• SUPPLIED RECORDS
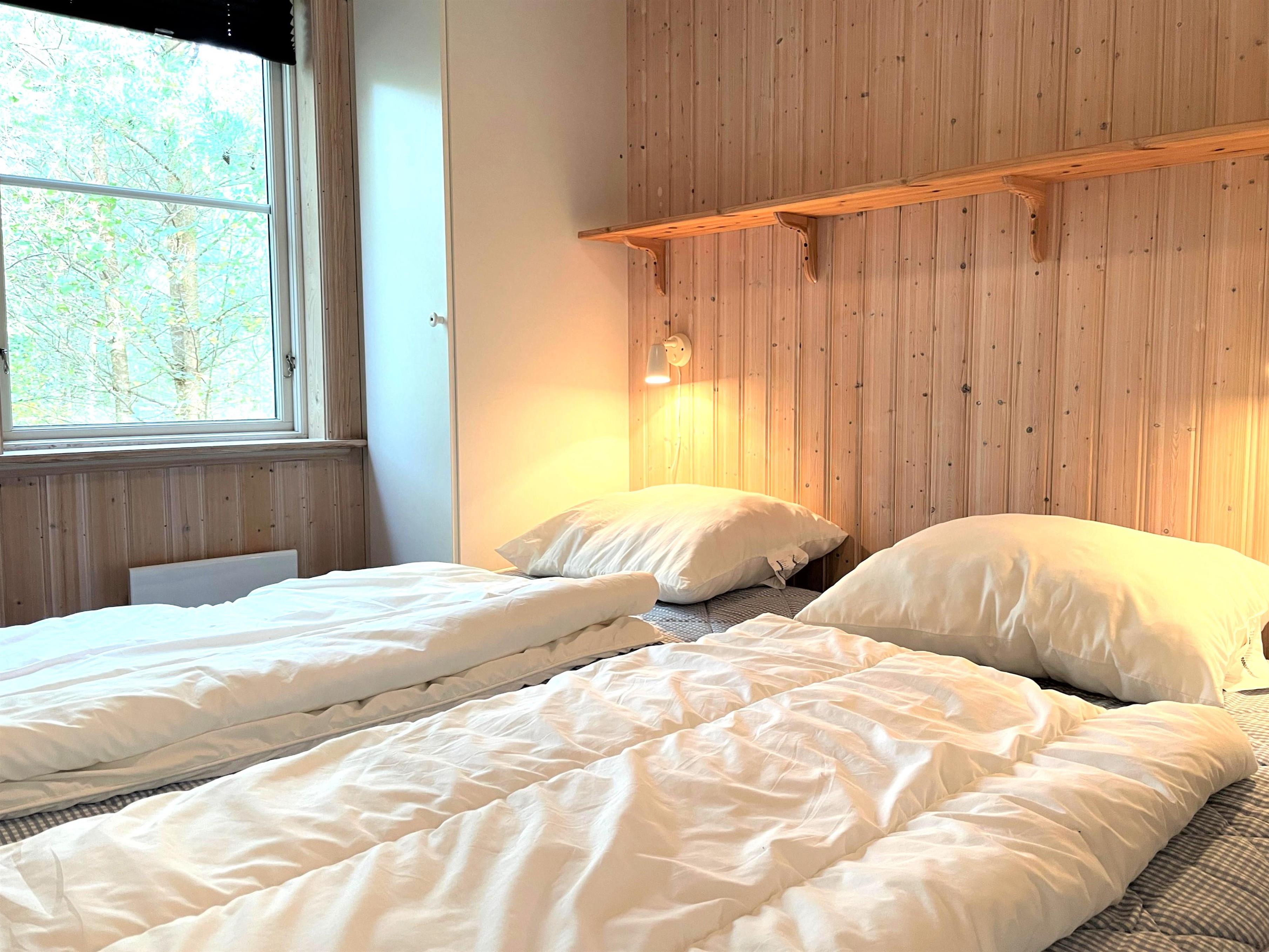 Schönes und gepflegtes Holzhaus, hell und modern. Große Wohnküche mit Zugang zur Terrasse. Gemütliches Wohnzimmer mit Holzofen und von dort Zugang zur großen Holzterrasse. Badezimmer mit Duschecke und Fußbodenheizung. Ein Zimmer mit Doppelbett. Drei Zimmer mit ausziehbaren Schlafsofas.
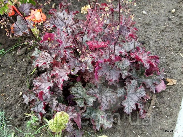 Гейхера Can Can Гейхери - це взагалі рослини, які рідко зустрічаються з садах пострадянського простору. Грамотно пользоваться разнообразием красок этих абсолютно неприхотливых и красивейших декоративнолиственных растений удаётся даже немногим ландшафтным дизайнерам.Скорее всего, секрет его популярности в очень насыщенном красно-пурпурном цвете, особенно яркая нижняя сторона листьев. С лицевой стороны насыщенность цвета и оттенки могут несколько раз за сезон смениться. Цвет также будет разным в зависимости от освещённости места посадки.Нарастают со средним темпом, максимального размера и цвета достигают на 3-4-й год. Все тёмнолистые гейхеры предпочитают тенистые места, умеренно влажный, питательный грунт. Для придания яркого цвета тенистому саду, для украшения приствольных кругов деревьев сочетайте пурпурные, красные и салатовые сорта гейхер. Также гейхеры прекрасно смотрятся с другими теневыносливыми растениями - садовыми геранями, аквилегиями (водосборами), среднерослыми и низкорослыми , , барвинками, дицентрами.
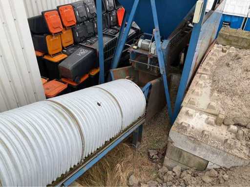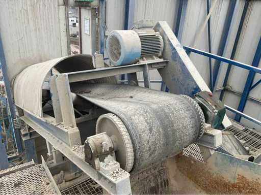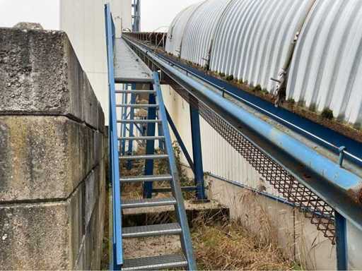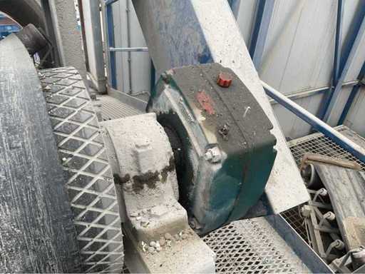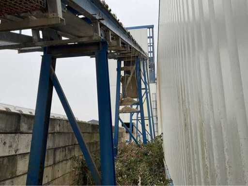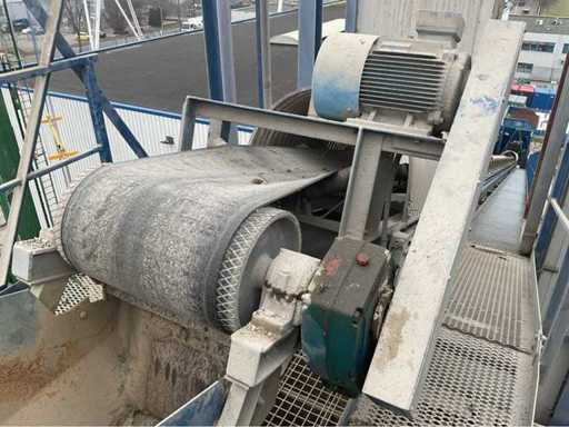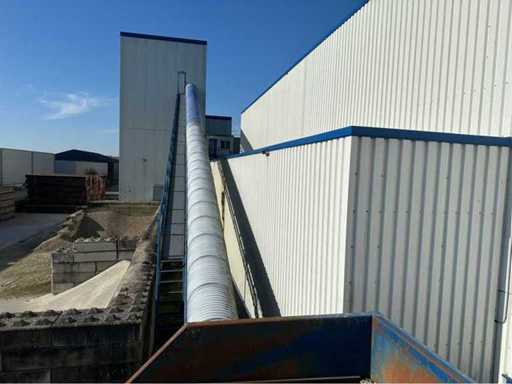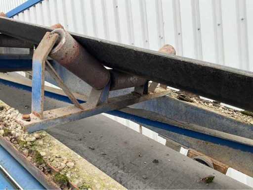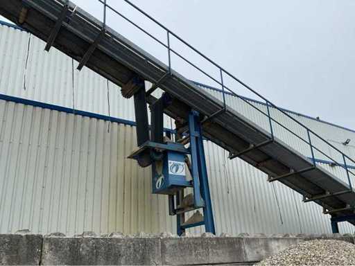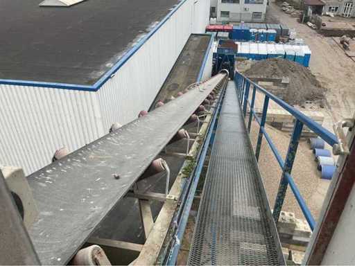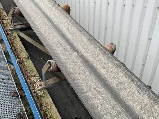 opvoerhoogte 14,5 meter; met loopbordes; lengte 42 meter; band breedte 63cm; motor 18,5 kw; band is gedemonteerd en transport klaar; gedemonteerd stukken 12 meter; wordt geladen.
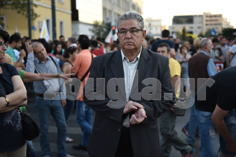 Το παρών στη συγκέντρωση έδωσε ο γενικός γραμματέας του ΚΚΕ Δημήτρης Κουτσούμπας.
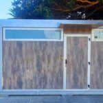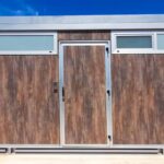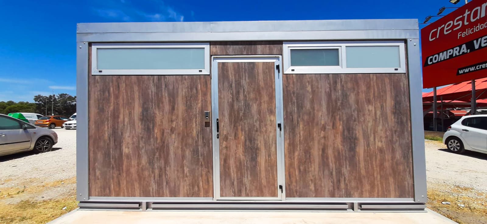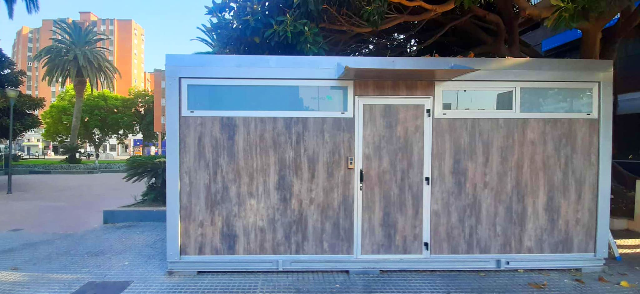 Revestimiento exterior: paneles laminados de alta presión (HPL exterior ref. 0192, efecto madera) o material similar de 10 mm. Este acabado aporta un aspecto cálido y natural, ideal para integrarse en cualquier entorno, desde instalaciones industriales hasta espacios educativos o comerciales.
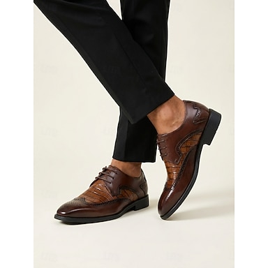 Sapatos sociais masculinos em couro sintético marrom com estampa de crocodilo – calçados de luxo para negócios, ocasiões formais e casamentos para homens elegantes.

• TASK INSTRUCTIONS
Extract only the lines from the one that contains "Revestimiento exterior: paneles" through the end of the records, inclusive, and omit every picture.

• WRITTEN SOLUTION
 Revestimiento exterior: paneles laminados de alta presión (HPL exterior ref. 0192, efecto madera) o material similar de 10 mm. Este acabado aporta un aspecto cálido y natural, ideal para integrarse en cualquier entorno, desde instalaciones industriales hasta espacios educativos o comerciales.
 Sapatos sociais masculinos em couro sintético marrom com estampa de crocodilo – calçados de luxo para negócios, ocasiões formais e casamentos para homens elegantes.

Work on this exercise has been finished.